De Prado — finance in ML as explorable knowledge
My experiment and research: turn a dense book on financial ML into a tool you can play with and test ideas against. Here's why, and the decisions behind it.
Why
"Advances in Financial Machine Learning" by Marcos López de Prado is a dense book: formulas, algorithms, non-obvious techniques. Reading it passively means carrying away almost nothing. I wanted to test the idea of explorable explanations: what if you turn anemic text into a working instrument for exploration — one where a technique from the book can be not just read, but turned by hand so you feel how it behaves.
This is my personal experiment and at the same time research — both into the domain (the structure of financial data) and into the format of presenting knowledge. The pedagogical bar I set myself: a good explorable doesn't illustrate, it lets you create — it carries the reader along the path "understanding → action → new knowledge".
How it's built
The site is built on Astro: the prose is static (formulas render through KaTeX at build time, the styling is in the Tufte spirit with margin notes), and JavaScript loads only where there's interactivity. The interactive "islands" are written in Elm (InfoBars, ReturnsDist, ImbalanceClock); a thin glue layer in TypeScript registers each Elm module and wires it to the page through ports.
On top of that — a few of my own Astro components: Explorable (the island card), Drive (controlling a widget's state from the text), RunJS (code runnable right in the page), Margin (margin notes), ImbalanceFig (SVG built at build time).
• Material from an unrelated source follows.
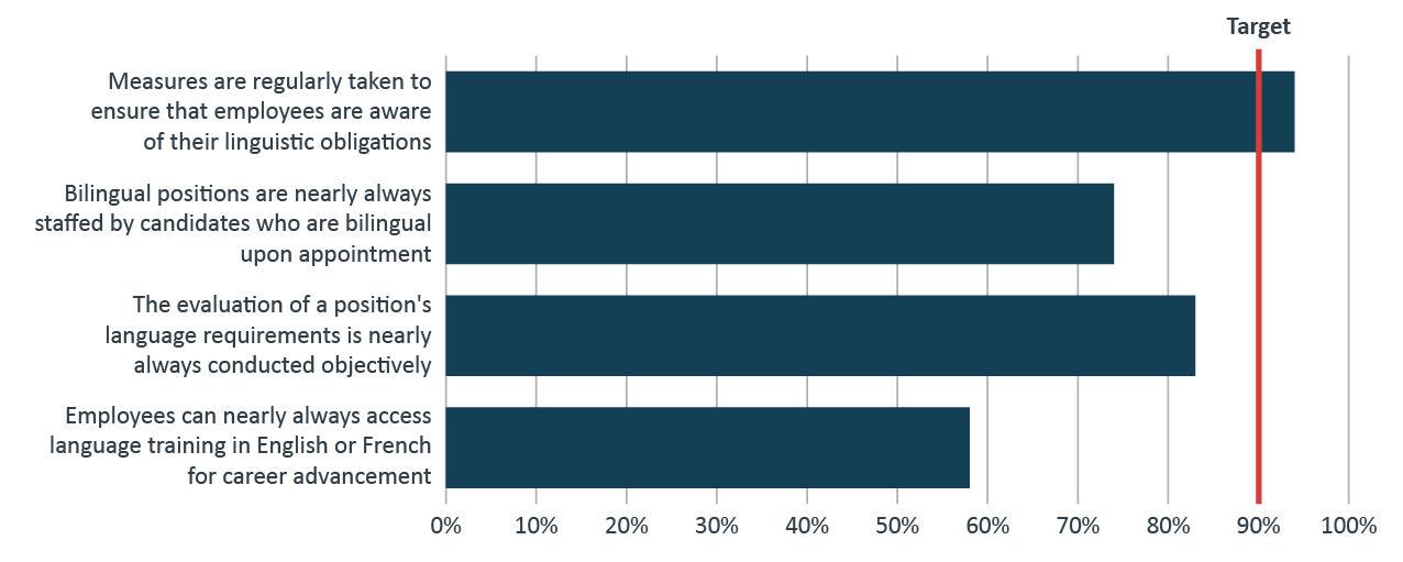 The Act provides that federal institutions must ensure that the information or services provided by a third party on their behalf to members of the public are indeed provided in the official language preferred by members of the public. Federal institutions do not always do so. In fact, only 76% ensure that contracts and agreements with third parties acting on behalf of bilingual offices nearly always include clauses that set out the language obligations that these third parties must meet. This situation has remained virtually unchanged since 2015–18, when the proportion was 75%.

Drive component.Decisions I made on this project
Islands, not an SPA
By default the page is text and formulas rendered statically. Interactivity arrives as pinpoint islands where it's needed, rather than wrapping the whole site in an application.
Why: the genre here is reading, not "an app". The prose has no reason to pay for a framework's runtime; the formulas should be visible and indexed immediately, without waiting for JS. Astro islands give exactly that — the static content is fast, and the heavy interactivity is isolated within its own boundaries.
Widgets — in Elm
Each island is an Elm program along the TEA architecture, plugged in through ports.
Why: an island is a small stateful application (sliders, modes, chart redraws), and this is exactly where the cost of a state bug is high. Elm gives a guarantee at the compiler level: no null/undefined, an incorrect state simply doesn't assemble. For interactivity that has to work reliably unattended, that's an ideal trade — and at the same time a check of the thesis that the functional approach pays off in practice.
The prose drives the widget's state
Through the Drive component, a link right in the text sets an island's configuration: the reader clicks a phrase — and the widget moves into the right state (highlights a mode, sets a threshold). The link goes through an apply port in Elm.
Why: this is the essence of an explorable — the text and the tool don't live apart. The explanation leads the reader through a scenario, and at that moment the widget shows exactly what's being discussed. The result isn't "text plus a toy next to it" but a single line of thought.
One skeleton for all bars → a sandbox
All the bar types from the book are one formula: θ += w(tick); cut the bar when θ ≥ threshold. The four "different" bars differ only in the weight function w (time / 1 / volume / price·volume).
Why: once they see the common skeleton, the reader stops cramming four recipes and grasps the principle. And then — the climax I'm building the project toward: a sandbox where the reader sets w themselves. At that moment the tool turns from "four presets" into a means of creation — you can invent your own bar (by volatility, by spread, by flow toxicity). That's "understanding → action → new knowledge" in action.
What exists and what's ahead
Chapter 2 ("Financial Data Structures") is built out substantively: original prose with formulas and code, three working islands, an algorithm runnable right in the text via RunJS, "these bars as a table" modal tables — tying the visualization to the numbers underneath it.
What's ahead: the sandbox with a user-defined w (the main next step), a CUSUM filter for §2.5, loading real tick data instead of synthetic. Honestly: the project is young — it's a research testbed, not a finished product; the mobile layout of the islands needs tidying, and for now it's one chapter out of many.
The project will be open-sourced soon — a link to the live demo will appear here then.